I was very aware of the roles I had to fulfill…. To be a good daughter, a good sister,

a good wife and mother—and it’s a lot.

“The act of writing the book was the final step in liberating me from that agenda.”Egg reveals the different kinds of love that Reichert received: from her emotion- ally generous father, her loving second husband, and the unconditional affection of her mother’s mother Baba Sarah. “My dad gave me something I will never lose,” Reichert says. “He taught me how to love, and that the capacity to love is there in me,” though she admits “I didn’t always choose the right person.”

In the pages of Egg, Reichert reveals her yearnings carefully and with honesty, moving through a vividly remembered childhood, adolescence, young adulthood, and marriage(s). Her recollections of life as a young girl are particularly evocative. We see her riding her bike in the local ravine as an unfettered nine-year-old in the daytime yet troubled by nightmares in the dark. She had no words for that kind of unspoken intergenerational trauma until reading the work of Esther Perel, another child of Holocaust survivors.

She realizes in her early 20s that her first marriage was never going to bring her the joy that she needed and deserved. And ultimately, she connects the dots, understanding that it wasn’t ambition that motivated her through two careers: it was a need to create, and to love herself. “I feel more in touch with my child- hood self than the frantic young mother self,” she says, “probably because of all the reflection that I did to write the book.” 
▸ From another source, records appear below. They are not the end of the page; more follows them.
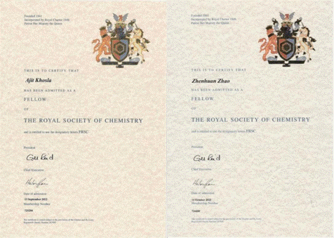 Ajit Khosla和赵振环当选英国皇家化学会会士(Fellow of the Royal Society of Chemistry, FRSC)。
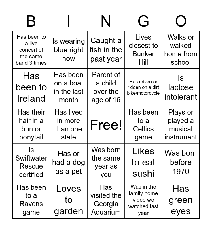 This bingo card has a free space and 84 words: Attended our reunion in 2000, Attended our reunion in 2021, Caught a fish in the past year, Currently uses a flip phone, Eats avocados, Got their hair cut in the past week, Has 2 middle names, Has a Facebook account, Has a food allergy, Has a June birthday, Has a twin, Has been in a parade, Has been on a boat in the last month, Has been to a Celtics game, Has been to a Lions game, Has been to a live concert of the same band 3 times, Has been to a Ravens game, Has been to Ireland, Has blue eyes, Has brown eyes, Has celebrated a birthday at the OBX reunion, Has driven or ridden on a dirt bike/motorcycle, Has green eyes, Has had stitches, Has lived in more than one state, Has lived or is living in New York City, Has met a celebrity, Has more than one tattoo, Has naturally curly hair, Has or had a cat as a pet, Has or had a dog as a pet, Has or had braces on their teeth, Has seen the new Top Gun: Maverick, Has their hair in a bun or ponytail, Has their learner's permit to drive, Has two of the same letters in their first or last name, Has visited the Georgia Aquarium, Is barefoot right now, Is lactose intolerant, Is Swiftwater Rescue certified, Is the middle child in their family, Is the oldest child in their family, Is the youngest child in their family, Is wearing a band-aid, Is wearing a hat, Is wearing an Apple watch, Is wearing blue right now, Is wearing something that says OBX, Knows how to play chess, Last name rhymes with stroll, Left before 8am to get here today, Likes to eat sushi, Lives closest to Bunker Hill, Lives closest to Washington, D.C., Lost a tooth this year, Loves roller coasters, Loves to garden, Parent of a child over the age of 16, Parent of a child under the age of 12, Plays or played a musical instrument, Plays or played lacrosse, Plays or played sports in high school, Reads a newspaper regularly (the paper kind), Serves or has served in the military, Sings or sang a solo or in a chorus on stage, Started a new job/got promoted since our last reunion, Uses an android phone, Wakes up before 6:30am on a typical work or school day, Walks or walked home from school, Was born after December 31, 2000, Was born before 1970, Was born in Vietnam, Was born outside the United States, Was born the same month as you, Was born the same year as you, Was in the family home video we watched last year, Watches Stranger Things, Will be a sophomore in high school this fall, Will be in middle school this fall, Will show you a yoga pose right now (do it with them), Will sing the chorus of a Taylor Swift song now, Works or worked in a school, Works or worked in health care and Writes with their left hand.
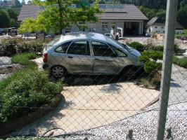 Wie durch ein Wunder wurde bei diesem Unfall niemand verletzt. Am Fahrzeug und an der Gartenanlage entstand erheblicher Sachschaden. Während der Bergungsmaßnahmen musste die Bundesstraße einseitig gesperrt werden.
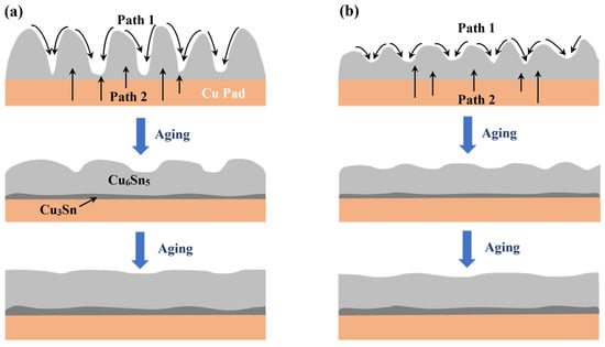 In the subsequent solid-state aging, the Cu6Sn5 gradually thickened because of the continuous diffusion of Cu and Sn atoms. It has previously been mentioned that, at room temperature or during solid-state thermal aging, Cu can move into Sn and Cu6Sn5 IMC by interstitial diffusion, which is easier than the movement of Sn to Cu, dominated by lattice diffusion [41]. As illustrated in Figure 8, the Cu flux engaged in the interfacial reaction primarily originated from two parts. Firstly, the Cu flux from the scallop peak to the valley (Path 1) was propelled by the curvature effect to reduce the surface energy of the scallop-like interfacial IMCs. The other is the Cu diffusion flux from the Cu substrate (Path 2) [42]. The transformation of morphology from scallop type to layer type can be attributed to the short diffusion path existing between the scallop valley and the Cu pad. Compared with the epoxy composite joints, the interfacial layer of the monolithic joint was more uneven and thus thickened rapidly at the valley in the subsequent aging. Therefore, although the thickness of the as-soldered joints was similar, the interfacial IMC growth of the monolithic joint was faster. This phenomenon was more pronounced for the joints with higher epoxy content. Deng et al. [43] investigated the influence of the initial morphology and thickness of the interfacial layers on the IMC growth of Sn-Ag/Cu joints during isothermal aging. It was also pointed out that, due to the shorter diffusion path in the scallop valleys, the joint with a scallop-like IMC layer had a higher IMC growth rate during aging compared to the joint with a flat interfacial IMC layer.

Those investigations also led Reichert to both her grandmothers, the one she knew and adored, and the one she could only imagine. “I created the characters of my grandmothers—Baba Sarah and Udel, the grandmother I never knew—with a lot of intentionality. They were important forces for me as I was working on this project,” she says. “It’s funny, because I’m a grandmother and I always hesitate to say it because I’m a little young. This idea of powerful older women, these women that protected me and guided me—that’s a very dominant feminist image for me.”

 It’s also an image conjuring plenty. The ample Baba Sarah, who dipped chocolates and fed and housed boarders to survive widowhood, taught Reichert first the joys of creating through food. “Baba Sarah was a wonderful force in our lives,” Reichert says. “I needed her because my mom was a little tough and unavailable, and I sometimes got lost in the shuffle.” Her observations of her grandmother kneading dough in the early morning for molasses bread or verenike served her well years later when the challenges of chef training required drawing on all of her emotional and physical power.

Udel, her paternal grandmother, was more elusive, the bowl of borscht in Warsaw unlocking an unexpected conjuring of her unknown ancestor. “Too soon, I was tipping my bowl to scoop out the last sweet-sour mouthfuls, wondering whether you could remember a place you’d never been, or know a person you’d never met,” Reichert writes. “My father’s mother, Udel, must have made borscht from beets like these. It must have tasted just like this.”

The connection with the unknown past that she hadn’t given herself permission to explore—along with giving herself the permission to not always be a good  girl—strengthened Reichert. In the books pages, she also clearly knows she needs to resolve an unspoken source of disappointment with her beloved father: her decision to divorce as a very young woman. The two are communicating simply yet deeply—as they seem to have forever—in a way that not everyone is privileged enough to have experienced within their families. 

As she gently approaches him about that fraught stage of her life, she embraces the complexities and contradictions of being both her father’s daughter and herself. No longer coloring her hair (like a good girl might), she stops to look at herself at the end of the book, summing up her journey. “At the mirror, my skin is wrinkled, but it fits better than ever before,” she writes. 

—Ivy Lerner-Frank is a food, fiction, and creative nonfiction writer based in Montreal.